> Required work
Retype exactly what appears below from the line containing "Чохол для ключа" down to the line containing "1. Sunny Yellow", keeping both end lines. Do not include pictures.

> Data extract
================

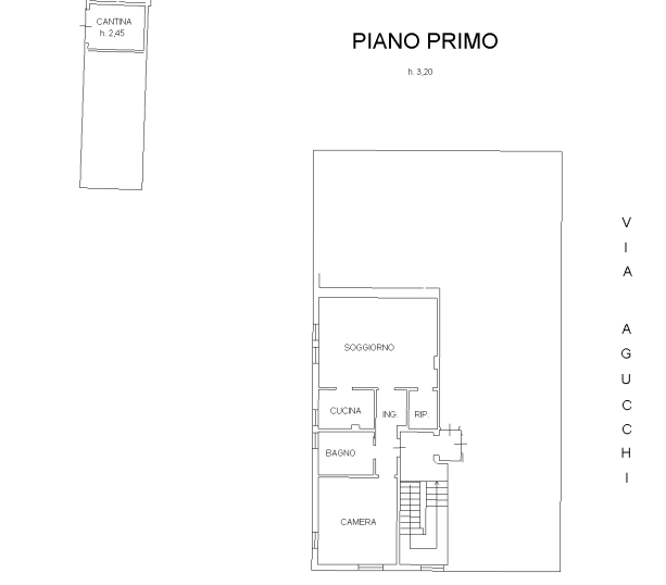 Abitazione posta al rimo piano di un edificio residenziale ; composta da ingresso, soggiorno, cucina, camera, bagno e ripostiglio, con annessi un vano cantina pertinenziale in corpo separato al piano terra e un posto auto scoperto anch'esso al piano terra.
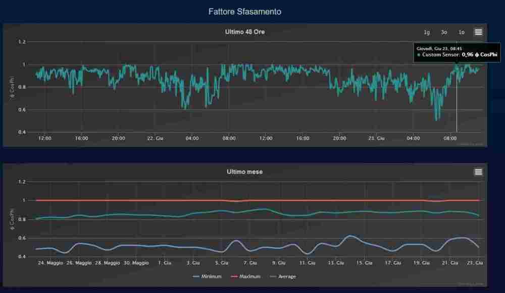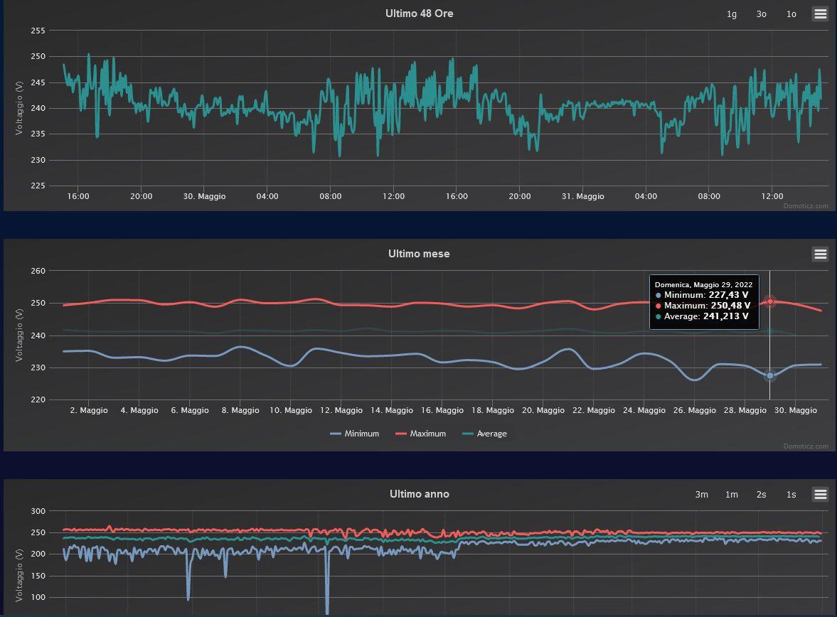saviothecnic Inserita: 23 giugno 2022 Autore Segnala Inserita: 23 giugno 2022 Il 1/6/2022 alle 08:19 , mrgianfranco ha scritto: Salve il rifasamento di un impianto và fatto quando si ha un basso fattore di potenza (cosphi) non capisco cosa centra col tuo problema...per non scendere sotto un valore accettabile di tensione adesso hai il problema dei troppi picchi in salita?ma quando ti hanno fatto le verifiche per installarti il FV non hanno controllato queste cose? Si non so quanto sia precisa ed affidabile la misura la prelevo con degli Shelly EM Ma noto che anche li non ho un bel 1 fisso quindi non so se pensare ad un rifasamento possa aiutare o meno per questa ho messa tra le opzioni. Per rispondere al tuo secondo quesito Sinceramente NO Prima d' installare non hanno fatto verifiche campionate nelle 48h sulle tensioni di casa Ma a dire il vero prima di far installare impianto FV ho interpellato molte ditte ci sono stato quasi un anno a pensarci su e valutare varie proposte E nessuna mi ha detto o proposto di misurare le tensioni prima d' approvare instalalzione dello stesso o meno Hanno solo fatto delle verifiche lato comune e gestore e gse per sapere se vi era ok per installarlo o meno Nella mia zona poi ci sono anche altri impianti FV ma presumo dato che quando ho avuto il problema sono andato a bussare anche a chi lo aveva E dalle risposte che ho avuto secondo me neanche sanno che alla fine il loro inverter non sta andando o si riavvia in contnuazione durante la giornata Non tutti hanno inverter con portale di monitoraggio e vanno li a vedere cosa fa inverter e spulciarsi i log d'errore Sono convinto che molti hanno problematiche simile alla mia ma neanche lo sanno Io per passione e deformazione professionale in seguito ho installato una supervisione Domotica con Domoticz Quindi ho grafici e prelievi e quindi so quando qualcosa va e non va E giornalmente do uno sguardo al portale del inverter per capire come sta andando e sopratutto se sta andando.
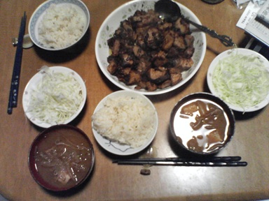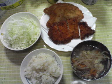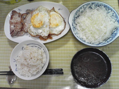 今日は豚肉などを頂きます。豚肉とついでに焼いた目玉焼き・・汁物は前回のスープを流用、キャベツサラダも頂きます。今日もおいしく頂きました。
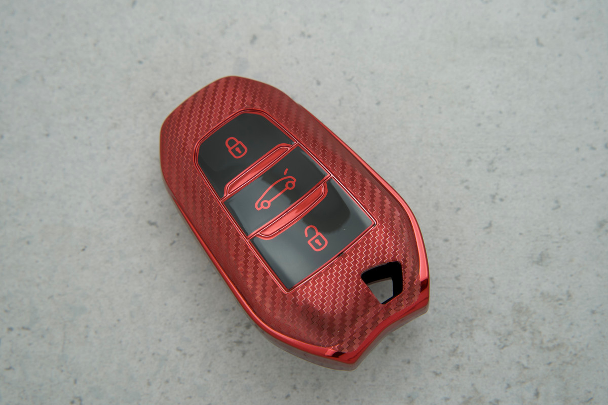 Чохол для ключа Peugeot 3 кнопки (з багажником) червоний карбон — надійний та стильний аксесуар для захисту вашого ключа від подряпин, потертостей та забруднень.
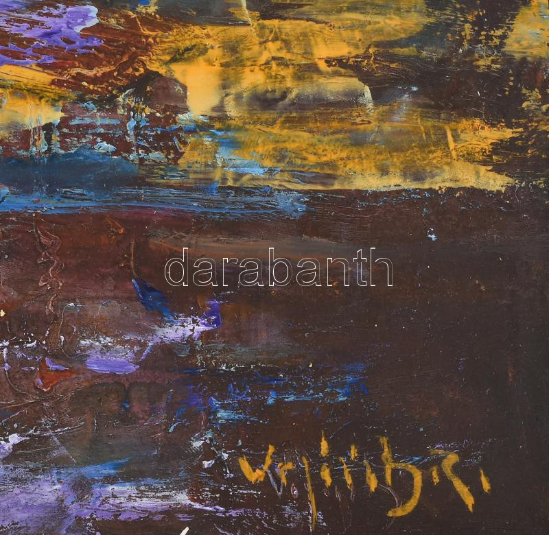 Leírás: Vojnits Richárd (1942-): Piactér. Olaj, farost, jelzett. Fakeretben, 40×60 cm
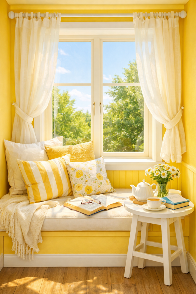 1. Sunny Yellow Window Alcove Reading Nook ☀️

================

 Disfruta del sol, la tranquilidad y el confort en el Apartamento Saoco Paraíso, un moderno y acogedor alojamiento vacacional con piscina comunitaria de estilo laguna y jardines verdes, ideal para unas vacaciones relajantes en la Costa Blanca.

================

> Answer below
 Чохол для ключа Peugeot 3 кнопки (з багажником) червоний карбон — надійний та стильний аксесуар для захисту вашого ключа від подряпин, потертостей та забруднень.
 Leírás: Vojnits Richárd (1942-): Piactér. Olaj, farost, jelzett. Fakeretben, 40×60 cm
 1. Sunny Yellow Window Alcove Reading Nook ☀️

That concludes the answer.